Grammarians disagree as to whether a comma splice also constitutes a run-on sentence. Some run-on sentence definitions include comma splices, but others limit the term to independent clauses that are joined without punctuation, thereby excluding comma splices.
Acceptable uses
Strunk & White notes that splices are sometimes acceptable when the clauses are short and alike in form, such as:
The gate swung apart, the bridge fell, the portcullis was drawn up.
The famous sentence I came, I saw, I conquered falls into the same category.
Fowler (third edition, 1996) notes a number of examples by reputable authors:
'We are all accustomed to the … conjoined sentences that turn up from children or from our less literate friends… Curiously, this habit of writing comma-joined sentences is not uncommon in both older and present-day fiction. [More modern examples]:
I have the bed still, it is in every way suitable for the old house where I live now (E. Jolley);
Marcus … was of course already quite a famous man, Ludens had even heard of him from friends at Cambridge (I. Murdoch).'
The comma splice is often considered acceptable in poetic writing. The editors of the Jerusalem Bible translate Isaiah 11:4 as:
His word is a rock that strikes the ruthless, his sentences bring death to the wicked.

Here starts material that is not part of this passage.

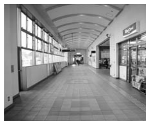
市が管理するJR筑前原駅の自由通路

答 南北を接続する自由通路を計画している。エレベーターについては、市が2基、JRが1基設置し、合計で3基を設置する予定である。

The British author Lynne Truss observes: "so many highly respected writers observe the splice comma that a rather unfair rule emerges on this one: only do it if you're famous." She cites Samuel Beckett, E. M. Forster, and Somerset Maugham. "Done knowingly by an established writer, the comma splice is effective, poetic, dashing. Done equally knowingly by people who are not published writers, it can look weak or presumptuous. Done ignorantly by ignorant people, it is awful."
Comma splices are considered acceptable by some in passages of spoken (or interior) dialogue and are sometimes used deliberately to emulate spoken language more closely.
The last points certainly cover the example "You're welcome, have a nice day." But I think that "You're welcome – have a nice day!" conveys better how I'd say it (or want to hear it – the comma indicates brusqueness, a throw-away platitude, to me).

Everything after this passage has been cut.